NSX ATP 導入の前提条件/必要なもの

以下が準備済みであることが前提となります。

各種ライセンスの入手 

  • vSphere ( vCenter 、ESXi )
  • vSAN *1
  • Tanzu *2
  • NSX *3
    • Advanced 以降のベースライセンス
    • NSX セキュリティライセンス 
      • VMware NSX Distributed Firewall with Advanced Threat Prevention *4
      • VMware NSX Gateway Firewall with Advanced Threat Prevention *5

他プロダクト / コンポーネントの構築

  • vSphere クラスタの構築 
    • 一般的な構成が構築済みであること
    • 分散仮想スイッチを設定済みであること
    • サブスクライブ済みコンテンツライブラリを作成済みであること
  • NSX 環境の構築
    • 一般的かつ外部環境とのルーティングが可能な構成が構築済みであること 
    • NSX Manager のコンピュートマネージャ設定で、[ 信頼を有効にする ] が有効化済みであること
    • NSX Manager がインターネット接続可能であること ( プロキシサーバ利用可 )
    • ゲートウェイ IDS/IPS を使用する場合は NSX Edgeのサイズが Large 以上であること
    • ゲートウェイマルウェアを使用する場合は NSX Edge が Extra Large サイズまたはベアメタルであること
  • Web サーバの構築 *6
    • vCenter、ESXiホスト、NSX Manager からアクセス可能であること
    • 以下 MIME タイプが追加済みであること
      • application / vmware
      • application / octet-stream
      • text / cache-manifest
      • application / x-x509-user-cert
  • ワークロード用 DNS サーバの準備
    • vCenter や NSX Manager が参照する DNS サーバとは別であること
      • nic / IPアドレスが別であれば同一筐体でも可 
    • インターフェース サービス名 ( FQDN ) 、メッセージングサービス名 ( FQDN ) のレコード登録
      • 名前は任意
      • IPアドレスは、後述の入力方向CIDRの末尾付近で採番
  • IPアドレス範囲の準備
    • スーパーバイザー制御プレーン仮想マシンの管理用 ( 3台分 )
    • ワークロードネットワークの入力方向CIDR、出力方向CIDR
      • それぞれ、例えば以下の様に NSX の外部とのルーティングセグメントのアドレスレンジ内である必要があります。
        • 外部ルーティング用セグメント : 192.168.201.0 / 24
        • 入力方向CIDR : 192.168.201.32 / 27
        • 出力方向CIDR : 192.168.201.64 / 27
    • マルウェア防止サービス仮想マシン (マルウェア防止SVM) の管理用 ( 保護対象の ESXi ホスト台数と同数 )

その他

  • 作業端末の準備*7
    • vSphere クラスタへアクセスできること
    • コマンドまたはPostman等のソフトでREST API が実行可能であること
    • Teraterm 等のターミナルソフトがインストールされていること
    • Puttygen 等のパブリックキー / プライベートキーを生成できるソフトがインストールされていること
  • 構築資材の入手 *8
    • SVM デプロイ用の OVA ファイル

大まかな構築の流れ

以下の順序で環境を構築し、NSX ATP の機能を有効化していきます。

  1. Tanzu の導入
  2. TKG クラスタの構築
  3. NAPP の展開
  4. SVM のデプロイ
  5. マルウェア防止設定および NSX NDR 有効化

おわりに

NSX ATP は追加のライセンスや Tanzu の導入が必要であり、導入に費用と手間はかかりますが、導入後は日々更新される攻撃手法やマルウェアにも従来のセキュリティ手法より速く、強く対応が可能となります。

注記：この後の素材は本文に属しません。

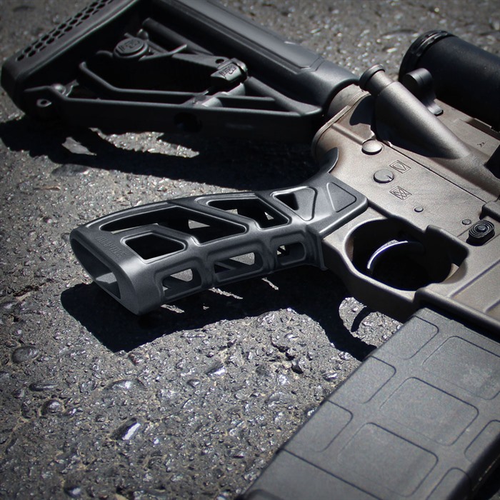 ADAPTIVE TACTICAL, LLC LTG LIGHTWEIGHT TACTICAL GRIP FOR AR15 The Lightweight Tactical Grip (LTG) is specifically engineered to cut weight, improve grip and add a level of aggressive styling – at a value price. Utilizing high grade reinforced polymer materials, the LTG offers all weather performance, durable lightweight construction and ergonomic comfort for consistently accurate firearm control. The LTG's one-piece frame design reduces overall material and significantly reduces weight compared to other grip designs. Non-conductive material maintains a comfortable surface temperature in all weather conditions. All season performance, durable lightweight construction, and ergonomic comfort for consistently accurate firearm control. SPECS One-piece construction, designed to be lightweight and durable Non-conductive; will not retain heat or cold Ergonomic shape; comfortable with aggressive industrial design Improved grip in all weather conditions Easy installation; includes mounting hardware Weight: 2.6 oz. Grip Angle: 25 degrees Dimensions: 4.75” L x 2.25” W x 1.125” H Available in Black & FDE Made in the U.S.A. Competitive OEM pricing available
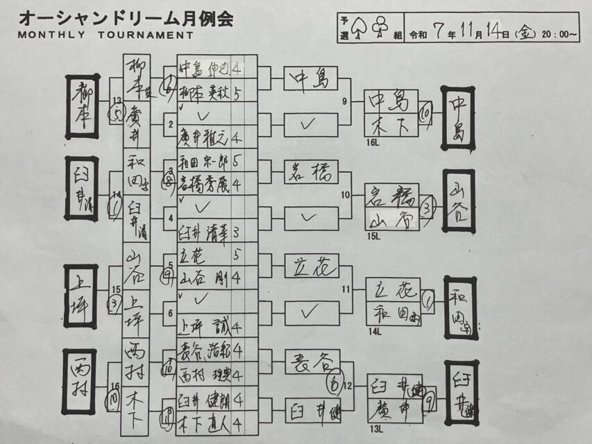【結果・オーシャンドリーム月例会】’25.11.14(金)
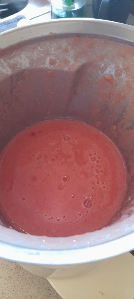 2. Trituramos junto el diente de ajo (yo eché medio recuerdo nuevamente), la sal y el pimiento cortado en trozos. Añadimos los tomates (pelados, recuerda) y seguimos triturando. Que nos quede como una sopa. Y asegúrate de que el ajo y el pimiento se trituran bien, por favor.
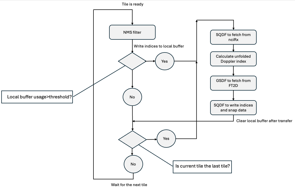 The computation part in these two steps is simple. The main challenge here is that the number of indices per tile is not fixed. And a 1000 maximum number of peaks cannot be fitted into one VMEM. Therefore, the current implementation uses a local peak buffer within one VMEM and accumulates the output of NMS and judges whether the buffer’s usage exceeds some threshold that requires calculating the unfolded Doppler index and snapshot data, then transfers the result to DRAM. Apparently, this changes the device side’s processing flow, since originally PVA can finish the NMS operations among all tiles and then perform the following steps. The processing flow is shown in the following figure:
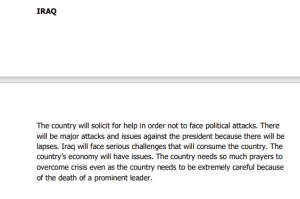 Also, An influential Shiite cleric announced he would resign from Iraqi politics, prompting hundreds of his angry followers to storm the government palace and sparking clashes with security forces in which at least five protesters were killed. While prophesying about Iraq,(Pg140) Primate Ayodele revealed that he foresaw a political crisis, this has been fulfilled.
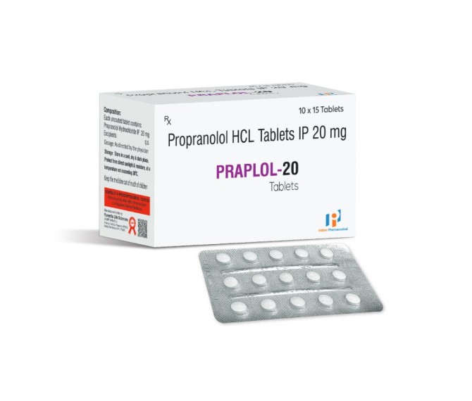 Composition : Propranolol 20 Mg Packing : 1 10*15 Type : Blister Detail:-Praplol 20 by Indizen Pharma – Propranolol 20 mg tablet for cardiovascular, migraine & anxiety‑related uses.

次回より、具体的な構築手順、注意点等をご紹介していければと思います。

*1:クラスタの共有ストレージにvSANを用いる場合

*2: NAPP の構築に必要 

*3:導入するバージョン等によってライセンス/組み合わせが異なるため購入および導入の際は VMware 社にお問い合わせ下さい。ここではNSX 4.1での一例を記載します。

*4:分散 IDS/IPS、分散マルウェア防止を利用する場合

*5:ゲートウェイ IDS/IPS、ゲートウェイマルウェア防止を使用する場合

*6:SVMの展開時に使用

*7:今回の連載では、vSphere 等へのブラウザアクセスは Widows 端末から、REST API のコマンド実行等は Linux 端末から実施しています。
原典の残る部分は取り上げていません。